Tying her armload of thatches up in the length of her skirt, she tied the hem of the skirt into her waistband to secure them, then stepped up on the mound of stones and with no small amount of effort, pulled herself up onto the roof. Rather than walk on it and surely fall through, she stretched out across its edge, moving slowly and carefully as she reached for one lashed bundle after the other, placing them in the openings that had developed over time. When she was sure she’d done the best she could for now, she slid off the edge of the roof she lay upon and found footing on the mound of stones at the back wall of the hut. Looking critically at the uneven roof of her hut, she decided a little magic never hurt anything. Once again, lifting her hands to send her powers in the direction she pointed, she watched with a satisfied smile as the thatches evened out, seeming to weave to and cling to their neighbors until a better roof than she’d imagined stood to cover her head when inside the hut.

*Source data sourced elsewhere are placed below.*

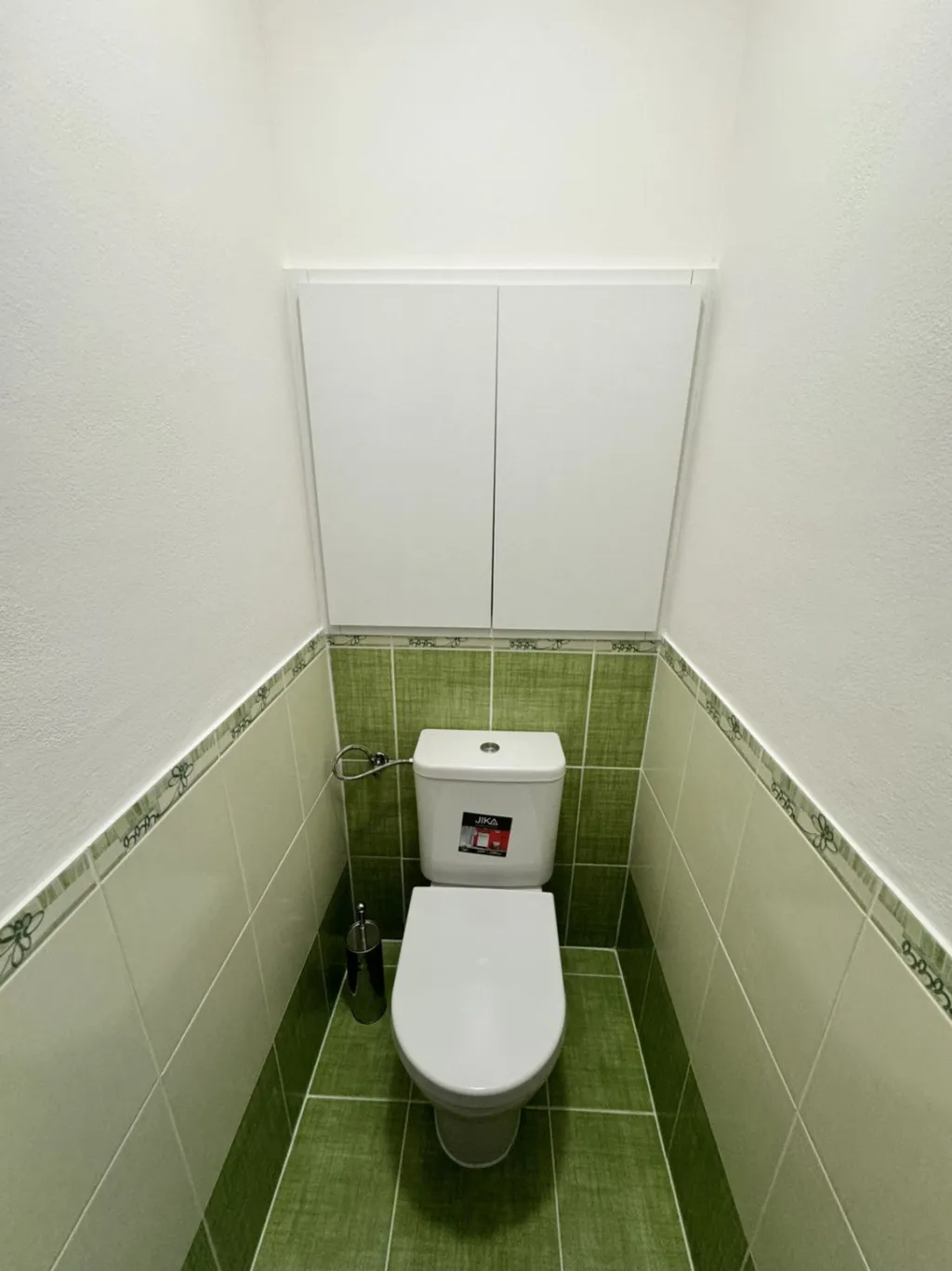 Koupelna disponuje vanou se zástěnou, umyvadlem se skřínkou a osvětlením. Toaleta je umístěna samostatně.
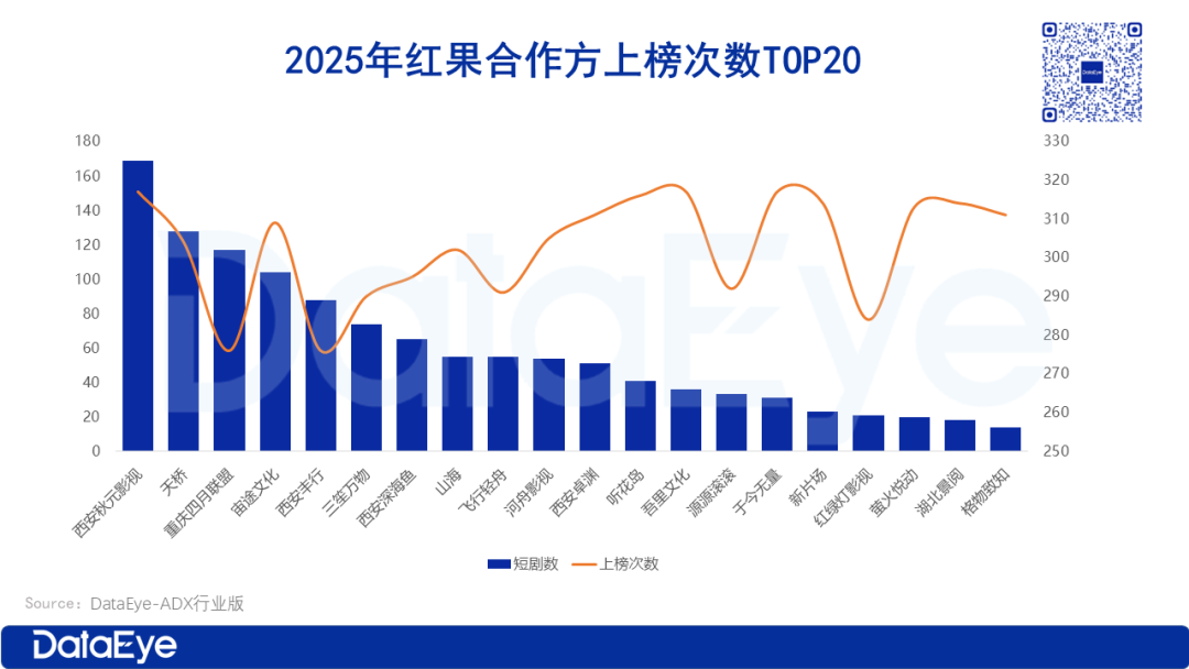 DataEye-ADX数据显示,从上榜短剧数来看,西安秋元(169部)、天桥(128部)和重庆四月联盟(117部)包揽TOP3,均是年度“高产王”。
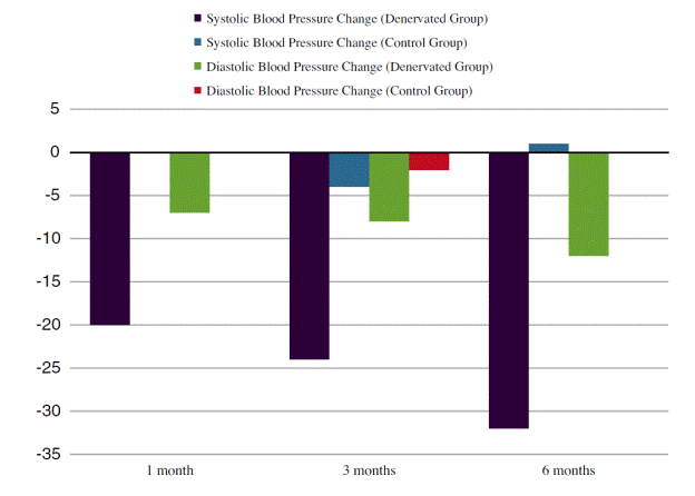 Có sự giảm đáng kể huyết áp ở các bệnh nhân được ghi nhận qua nghiên cứu Symplicity HTN-1: sau 1 tháng theo dõi, huyết áp tâm thu giảm trung bình 14 mmHg và huyết áp tâm trương giảm trung bình 10 mmHg; sau 12 tháng, kết quả hạ huyết áp không những được duy trì mà còn tốt hơn: giảm được 27 mmHg và 17 mmHg tương ứng với huyết áp tâm thu và huyết áp tâm trương. Trong quá trình theo dõi, 13 bệnh nhân phải điều chỉnh thuốc hạ huyết áp: 9 bệnh nhân giảm được số nhóm thuốc hạ huyết áp cũng như liều thuốc, 4 bệnh nhân phải tăng liều thuốc. Nghiên cứu cũng ghi nhận 13% bệnh nhân không đáp ứng huyết áp tích cực hơn sau thủ thuật. Trên 18 bệnh nhân tiếp tục được theo dõi đến 24 tháng, huyết áp tâm thu giảm được trung bình 33 mmHg, huyết áp tâm trương giảm được trung bình 17 mmHg.
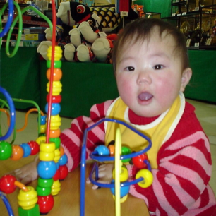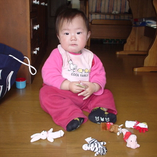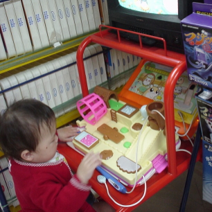 寝ているうちにデパートに移動。(どうも私は公園とか外で、ぱるぱるのオムツを交換する気にならないのよね・・・。) デパートについてすぐに起きたのでベビー休憩室でオムツを交換してからおもちゃ売り場に。自分が持っているおもちゃを見つけると、そこに行って遊びたいというので、靴を履かせてあげると、一目散でおもちゃに近づくぱるぱる。他の子がやりにくると、相手が自分よりもぅっとお兄ちゃんお姉ちゃんであっても、こうやるんだと教えているつもりのぱるぱる。(笑)
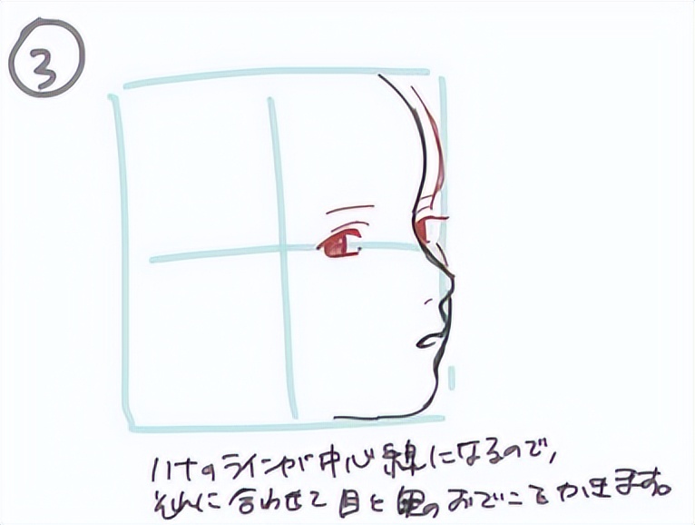 (3)以鼻子的线条为中心线,与之相配合,画出眼睛和里面的额头。
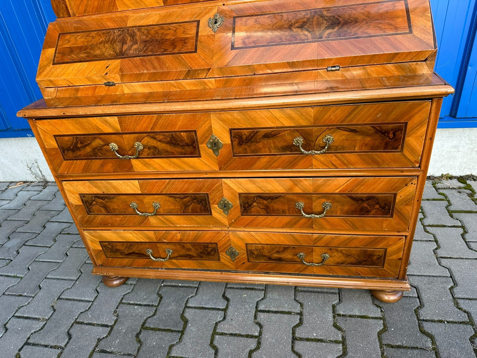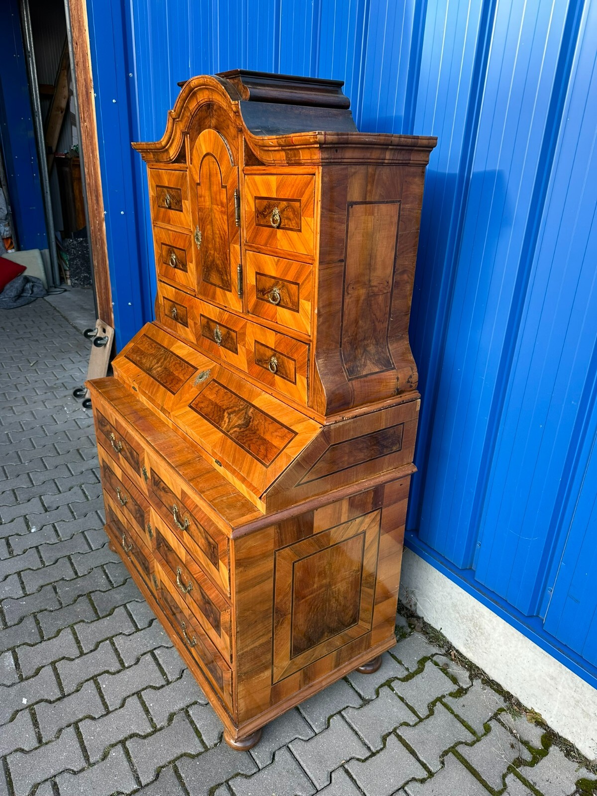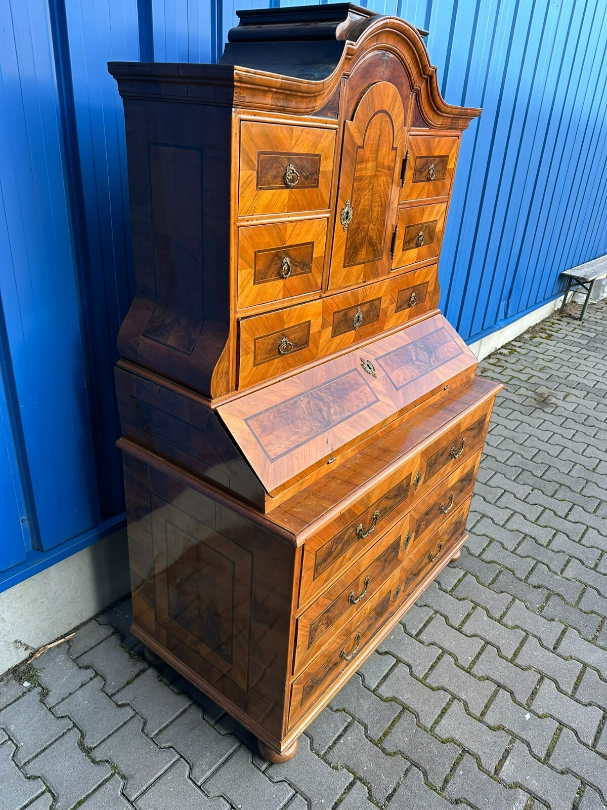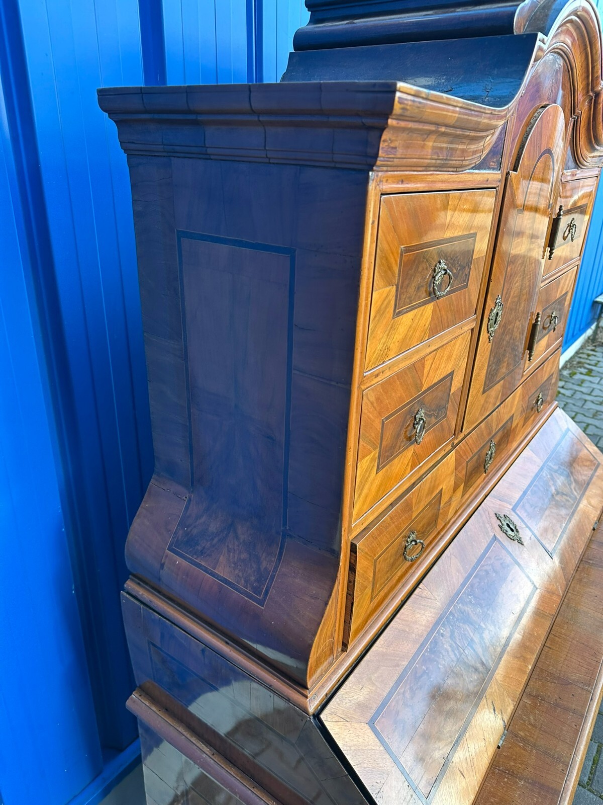 Sehr schöner, Barocker Aufsatzsekretär, 18tes Jahrhundert. Oberfläche ganz leicht berieben. Massiver Holzkorpus im Nussbaum und Wurzelnuss furniert und intarsiert. Der Sekretär wurde mal professionell überarbeitet, kleinste Furnierstücke ausgetauscht, Risse gefüllt und abstehendes Furnier gelegt. Der Innenraum wurde mit Stoff komplett beklebt. Hier teilweise kleinere Flecken. Zwei Schlüssel vorhanden, die unteren drei Schubladen mit zum Teil ausgetauschten Schlössern, an der mittleren Schublade komplett ausgetauschter Boden. An den Schubladenfronten kleine Furnierfehlstellen, unterste Leiste zum Teil berieben. Das Möbel ist dreiteilig. Die vorhandenen Schlüssel passen nur an den vier großen Schubladen, für die Sekretärklappe und die oberste Tür kein Schlüssel vorhanden. Die Sekretärklappe und die oberste Tür sind leicht in sich gewölbt, die Funktionalität wird jedoch nicht beeinträchtigt. Abmessungen BTH: 123x64x188cm, Höhe der Sekretärklappe: 84cm.
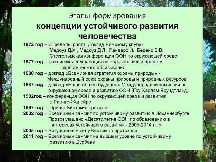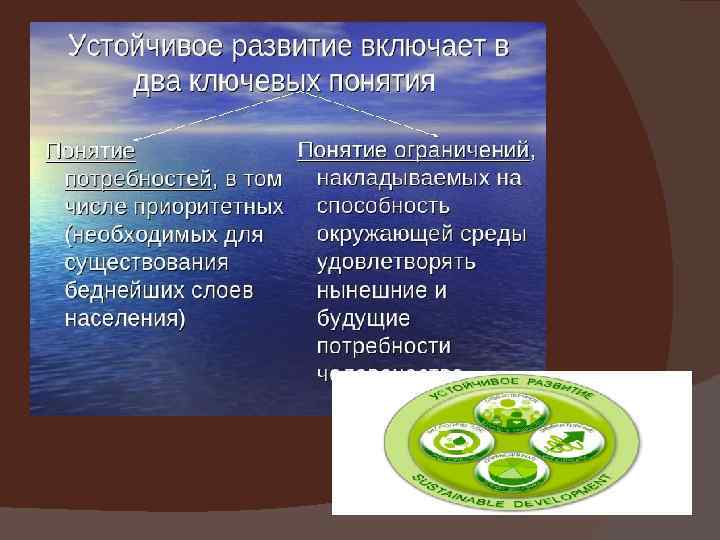 Что же такое устойчивое развитие? Под устойчивым развитием понимается такое движение вперёд, при котором достигается удовлетворение жизненных потребностей не только нынешнего, но и будущих поколений людей, речь идёт о равенстве возможностей развития как ныне живущих, так и последующих поколений. А это предполагает готовность людей, живущих сегодня, к разумному ограничению своих потребностей во имя своих детей, внуков, правнуков. Устойчивое развитие — это такая стратегия (направ ление) социо природного развития, которая обеспечивает выживание и непрерывный прогресс общества и не разрушает окружающую природную среду.
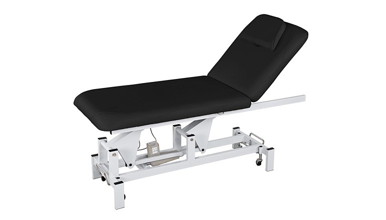Masa cu 2 sectiuni cu structura metalica foarte stabila. Echipat cu 1 motor care controleaza inaltimea mesei printr-un buton lateral incorporat in structura. Spătar reglabil prin ridicare cu gaz. Pernă detașabilă pentru tetiera cu orificiu de aerisire. Roți retractabile pentru a facilita mobilitatea acestuia. Tapițerie albă din PU de înaltă calitate care ușurează curățarea. Suport role de hârtie inclus.
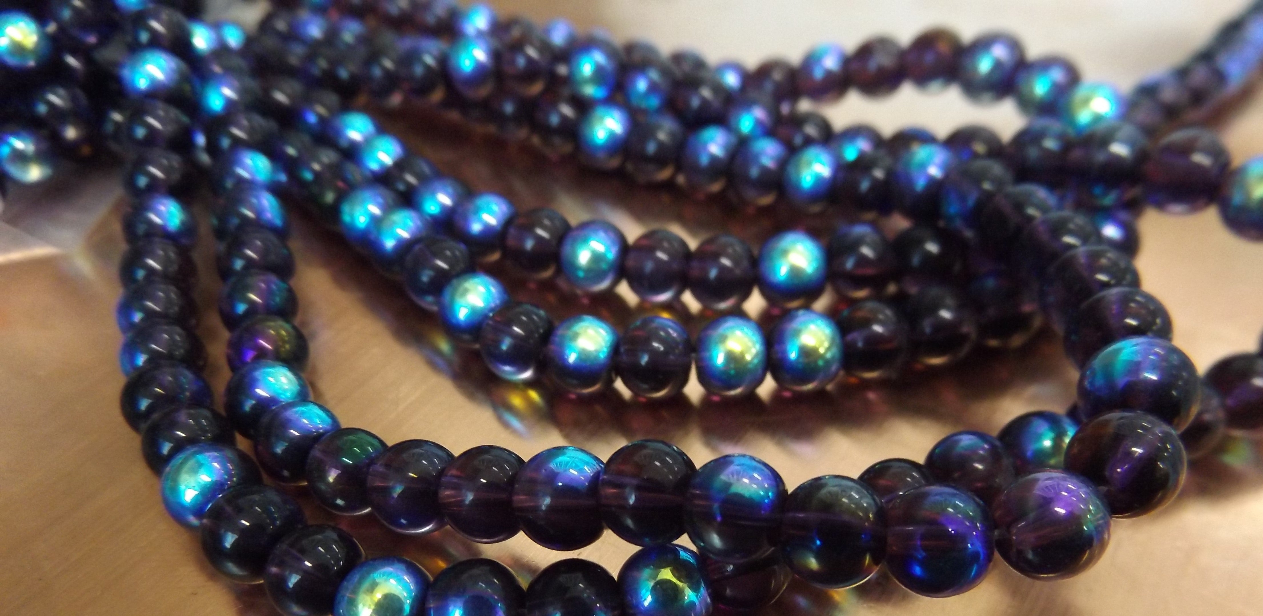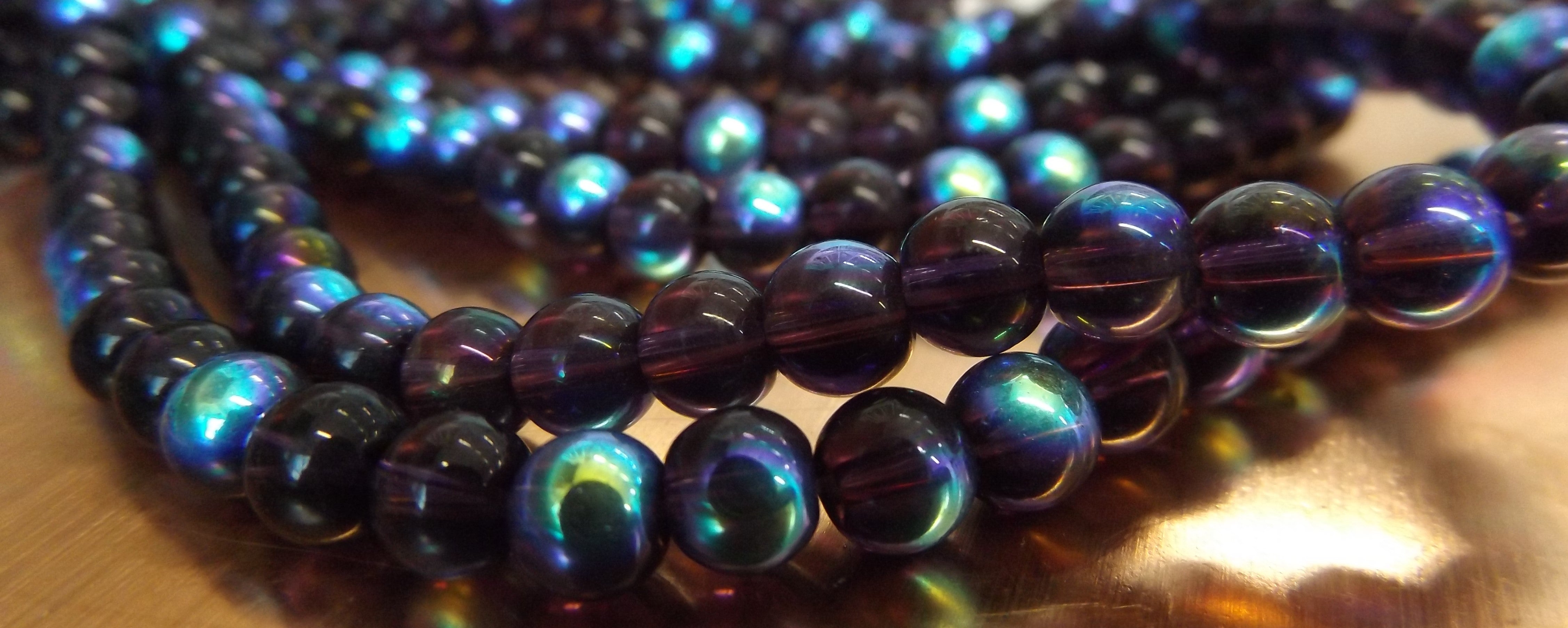 Glass Beads (Purple with AB Half Coat- 6mm) (approx 50 beads per 13" Strand)

Next was the cracks in the sod walls of the hut. She chose a sturdy wooden stick and used it to dig into the clay across the clearing from the hut, then added water and some of the same dried grasses she’d repaired the roof with, and kept adding clay until she ended up with a sizable mess of what she believed could be used to fill in the holes and cracks. She wasted no time carrying it by the arm loads to the hut and used her hands to work it into the cracks and holes. Hours later she was exhausted, but satisfied when she finally stood back to look at her work. She’d done well. And now she knew she’d have a warm, dry place to sleep and shelter until the time came for her real purpose here — to save her male. She had no idea when, or where, since the village she always tracked him to was not standing where she expected it to be, but she’d be ready, and she’d be waiting for some indication to spur her toward her destiny.
She huffed tiredly when she realized she’d used all of her water to make the mud to patch the hut with, considered going to bed dirty, and decided that it would have to be okay for today. “Walking tah the river again today, just isn’t happening.” Instead, she brushed her hands off as best she could, splattered them with the little bit of water she had left, and ate another handful of berries before making herself a little mound of leftover thatches on the floor of her hut. She huffed out a breath and closed her eyes, bringing to mind a picture of the male that kept her moving forward every moment of every day since she’d first met him more than twenty-five years ago. As she lay there, thoughts of him flooding her mind, she couldn’t help but cry just a little, when she realized that when she saw him again this time, it would be like all the others — he wouldn’t know her. For him, it was like the first time, every time. And every time ended the same — with him dead in her arms. “Not this time. This time, I’m here already. This time things have changed. I don’t know how, but I’ll find you, and I’ll be ready, me love.”